Some games don't even have a tutorial and just expect you to guess what you're supposed to do, like Ark ( and most survival games actually ). First time I played ( I didn't play Minecraft before ), no idea what to do, I had to check the internet to discover I was supposed to punch rocks and trees to get resources... and that's a big issue when the devs just assume that people are going to learn and try by themselves, when the solution makes ZERO sense because I would never have the idea to punch rocks and trees IRL... or maybe they assumed people would play with other people teaching them, as it's a multiplayer game, and forgot about solo players.
Then some games have absolutely overbloated tutorials, like a lot of JRPGs or RTS/4X games that keep introducing new mechanics 30 hours in. I often give up these at the tutorial. Like in some fighting games where the tutorials has you perform a bunch of ultra-precise moves and just throws at you soooo many mechanics like anim cancel, overthrows, combos, super moves, hyper moves, chain attacks, frame skipping, overdrive, gadgets, environmental damage, or whatnot I'm just making stuff up here.

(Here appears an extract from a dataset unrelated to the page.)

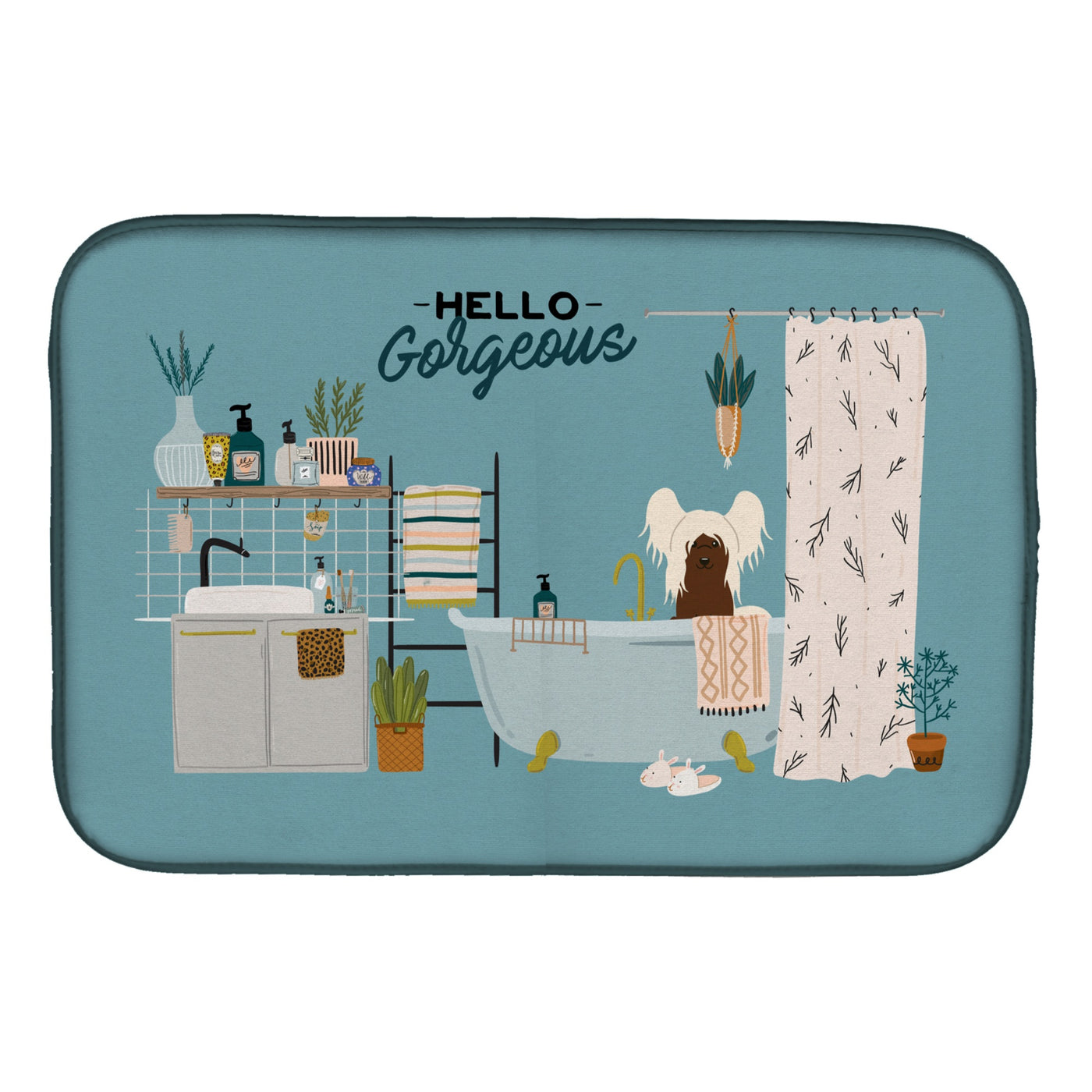 'Caroline's Treasures CK7535DDM Cream Chinese Crested in Bathtub dish-drying-mats 14 x 21 Multicolor''

Or recently I started Lords of the Fallen, the tutorial is really intrusive and throws so many button combinations and mechanics at you for what feels like 2 hours. Meanwhile the Souls/Elden Ring games have short tutorials and then they let you discover things by yourself. Not sure it's a better approach though, since some people might play the whole game ithout understanding its mechanics.

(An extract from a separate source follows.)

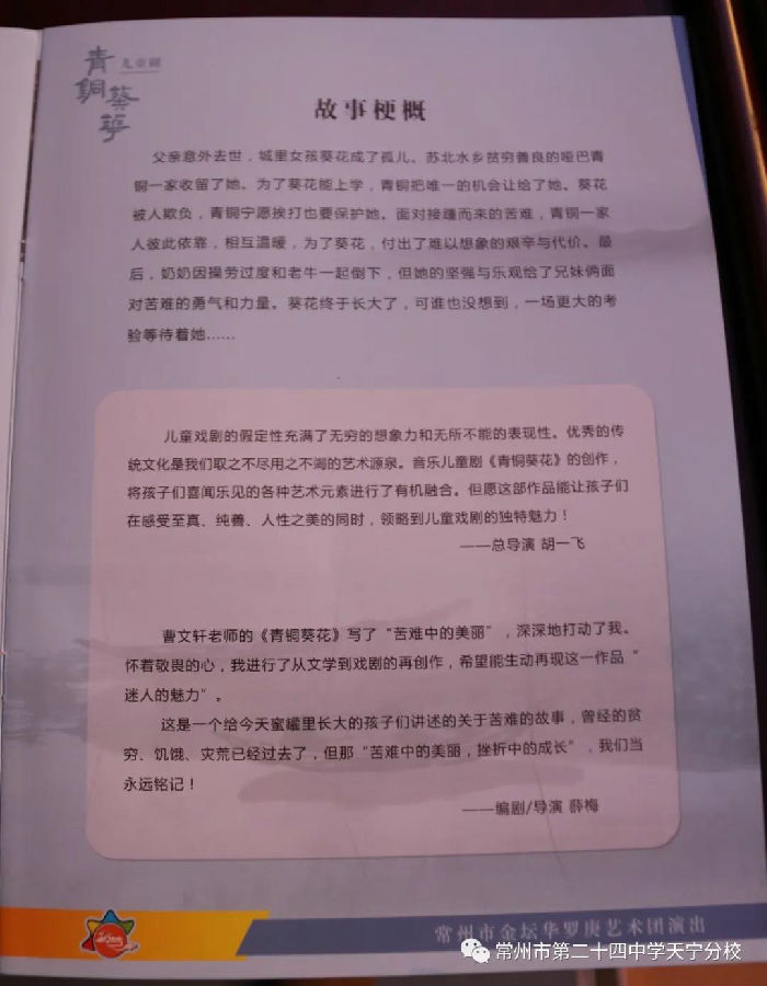 2021年4月8日下午,由市金坛华罗庚艺术团带来的音乐儿童剧《青铜葵花》在我校800人报告厅演出。七、八年级师生分两场进行了观看。

I never played Unicorn Overlord below expert and I didn't start checking outside resources until I beat it. While having scaling tutorial fights would be nice and not all skill descriptions matched the skill effects before a patch or 2, I never hit a wall. The majority of the information is in skill/unit descriptions, and you can check out the entirety of enemy squads as well as your own.
I'm thinking of getting that game, is it good? I like fire emblem but never branched out
@@ThePaulineu Unicorn Overlord is apparently much closer to a series called Ogre Battle than Fire Emblem, though it definitely has some resemblance to the latter.
Its story is serviceable and the characters are fine, but the amazing presentation and challenging yet dynamic combat system are the real draws for this game. I'd say it's definitely worth considering at least!
Have you not done a no paraglider playthrough? Its legitimately a blast and I think the paraglider not being given to you right off the GSI is because of that. Lots of people wanted a way to play BotW without the paraglider for challenge runs. I think the game does a good job at guiding the player to where you need to go next, it's our wonderment with getting back down to Hyrule and wanting to explore that may have thrown some off (I don't think that's a fault of the player or the game either, TotK having so many options on how to tackle things...I really appreciated that)
As far as the GSI being more linear, I don't know if I agree without outside of how you get the recall shrine. I've replayed this game a lot and there's a lot of freedom on how you can tackle those first 3 shrines
It’s a similar concept but you should make an episode about video game demos!
the original tutorial for limbus company was pretty bad, super focused on the ultimately not that important resonence mechanic while completely neglecting to explain how clashing (basically the focus of all combat) works at all. thankfully it has gotten significantly better over time.